# Selection Advice



## creeve4 (Dec 16, 2015)

I am looking for advice/recommendations for a new snowblower.

A little background first:
I live in Utah were I get both wet/heavy snow and light/fluffy snow. At my house I typically (80% of the time) get about 6" of snow per storm, although 3-4 times per winter I get 12+". My driveway is concrete and 2-cars wide and 3-cars deep. I have to throw the snow from one side of the driveway to the grass on the other (my driveway abuts my neighbors) so I need something that can throw the snow far. 

I am trying to decide between a Power Clear 721, SnowMaster 724, and Power Max 824.

I think the 721 will handle 80% of the storms very well and I can probably manage the other 20%. I also like that the SS blowers clean to the concrete.
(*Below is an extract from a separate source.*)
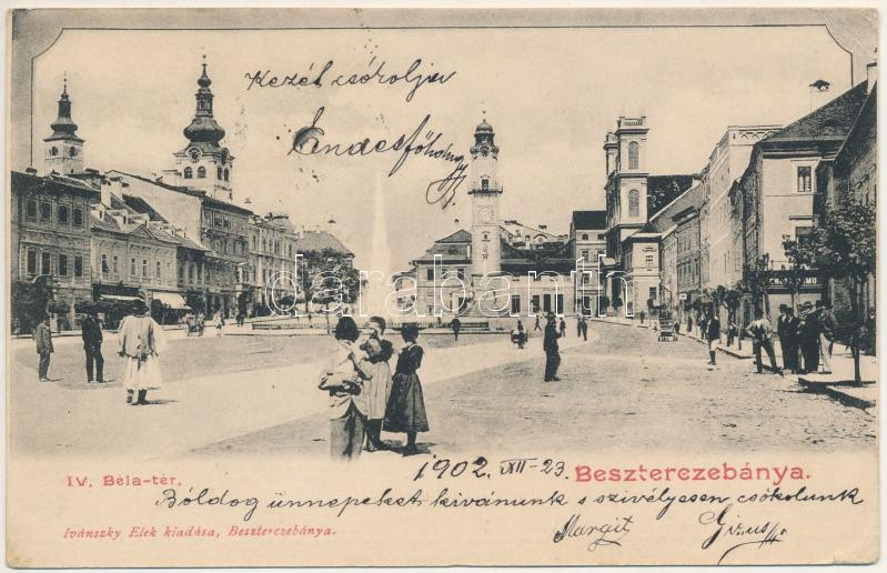 Leírás: 1902 Besztercebánya, Banská Bystrica; IV. Béla tér, városháza, üzletek, szökőkút. Ivánszky Elek kiadása / square, town hall, shops, fountain (EK)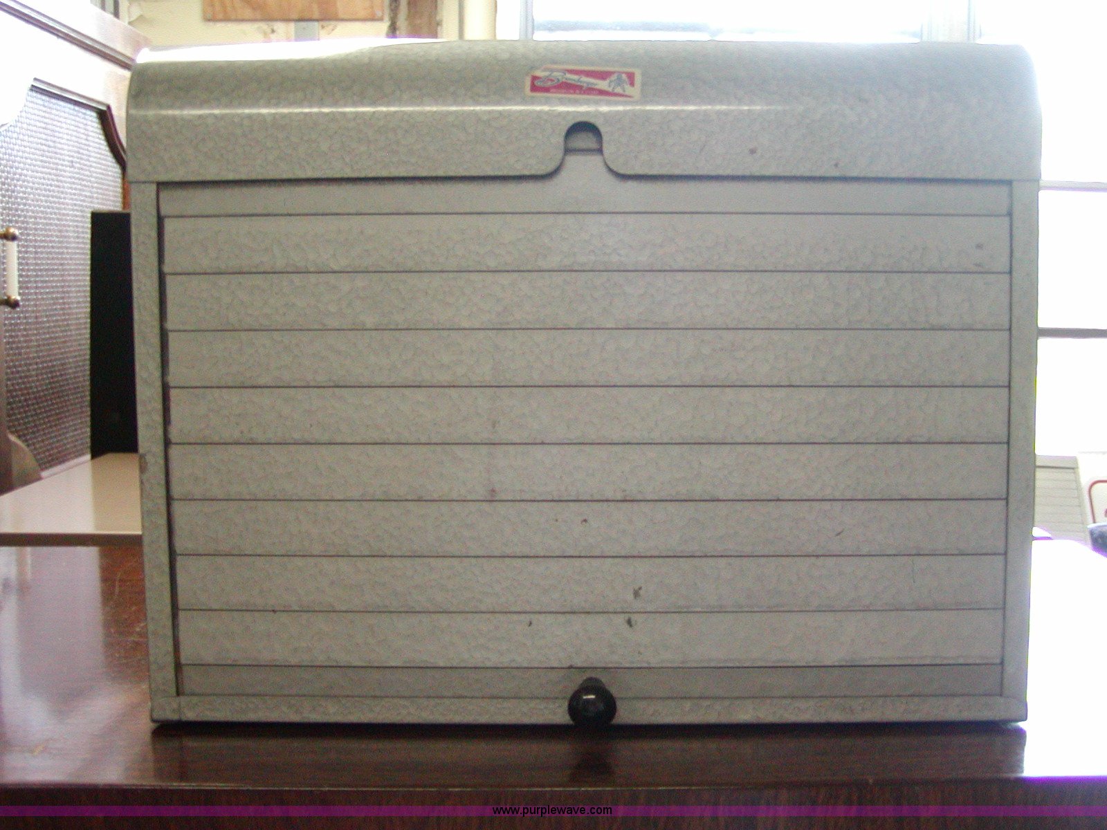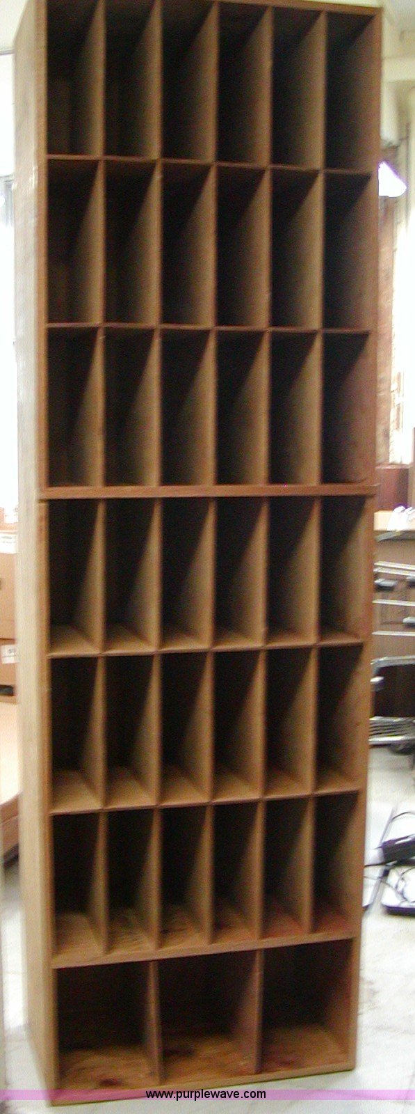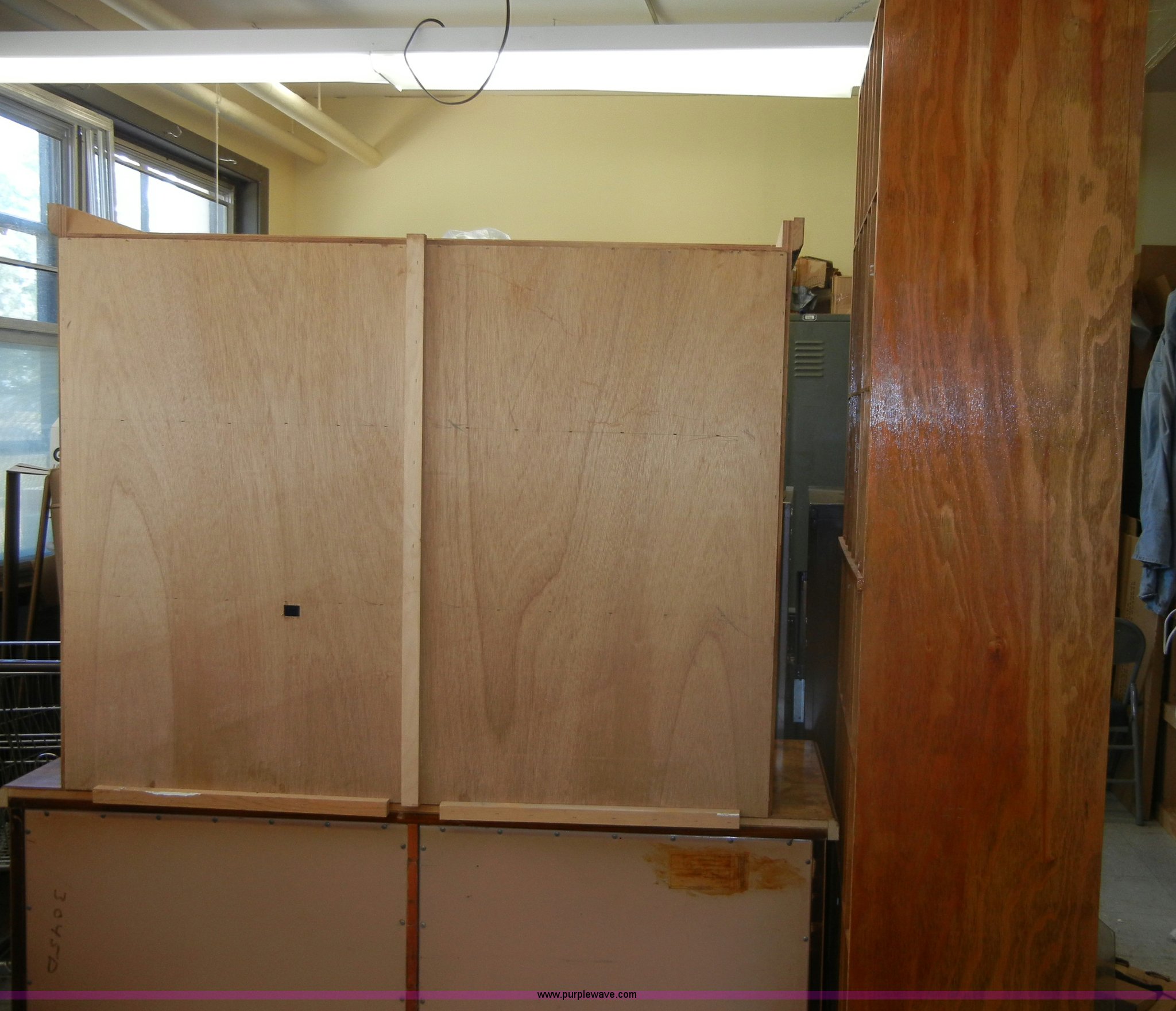 Purple Wave is selling a used Furniture in Kansas. This item is a Assorted office furniture with the following: (3) filing cabinets, (2) aluminum file units, 12" x 9" x 9", Wooden mail slot organizer, 87" x 27" x 15", Wooden credenza, 61.5" x 20.75" x 73.5"

But, having a 2-stage sure is nice for the big storms and EOD. 

What am I losing if I go with a 2-stage?
Is the SnowMaster even worth considering?


----------



## RIT333 (Feb 6, 2014)

With a concrete driveway, I would go with the 2-stage PM 824. and have something that will work for 100% of your needs. It will cost a little more, but you will be happier for a lot longer.


----------



## paulm12 (May 22, 2015)

Many on this forum have both a SS and a 2-stage machine. I do, and I use the SS when I can, and also to clean up the driveway closer to the asphalt. But I need the 2-stage units for EOD and larger storms in general. You can pick up used SS machines pretty cheap, they are usually simple to fix if you are at all mechanically inclined. 
.


----------



## creeve4 (Dec 16, 2015)

RIT333 said:


> With a concrete driveway, I would go with the 2-stage PM 824. and have something that will work for 100% of your needs. It will cost a little more, but you will be happier for a lot longer.


How well does the PM clean down to the concrete? I know probably not as well as a SS. How will it do with light (2-4") snow?

I have a '78 524, that cleans down to the concrete well enough, but the auger gear is worn and I could use more power.


----------



## creeve4 (Dec 16, 2015)

paulm12 said:


> Many on this forum have both a SS and a 2-stage machine. I do, and I use the SS when I can, and also to clean up the driveway closer to the asphalt. But I need the 2-stage units for EOD and larger storms in general. You can pick up used SS machines pretty cheap, they are usually simple to fix if you are at all mechanically inclined.
> .


I would like to have both, but do not have room to store them.


----------



## detdrbuzzard (Jan 20, 2012)

I mostly use one of my toro 521's or the toro 2450. I've had the 2450 longer than any other snowblower in my stable and it has been used in any and all snow conditions but for deep heavy snow it is slow going but it will get the job done. my 521's are set up to leave about 1/4 inch of snow on the ground, its much easier to use in deep heavy snow and with the impeller kit wet snow is no problem either


----------



## creeve4 (Dec 16, 2015)

I am leaning toward the SnowMaster. It should nearly as good as a SS, but can handle the few bigger storms I get each year. I plan to check it out more when the local dealer has them setup.


----------



## barney (Nov 21, 2017)

I like everything about that new model PowerMax 824 and wish it had been available when I bought my 826. I only really need 24 inches and the new model has the bigger wheels and I think the Quikstick has been beefed up though the older model seems beefy enough and I have yet to run out of traction on the smaller wheels.


----------



## creeve4 (Dec 16, 2015)

I picked up the Snowmaster 724 QXE today. Now I'm just waiting for the snow to come :blowerhug::icon-bow::icon-bow:


----------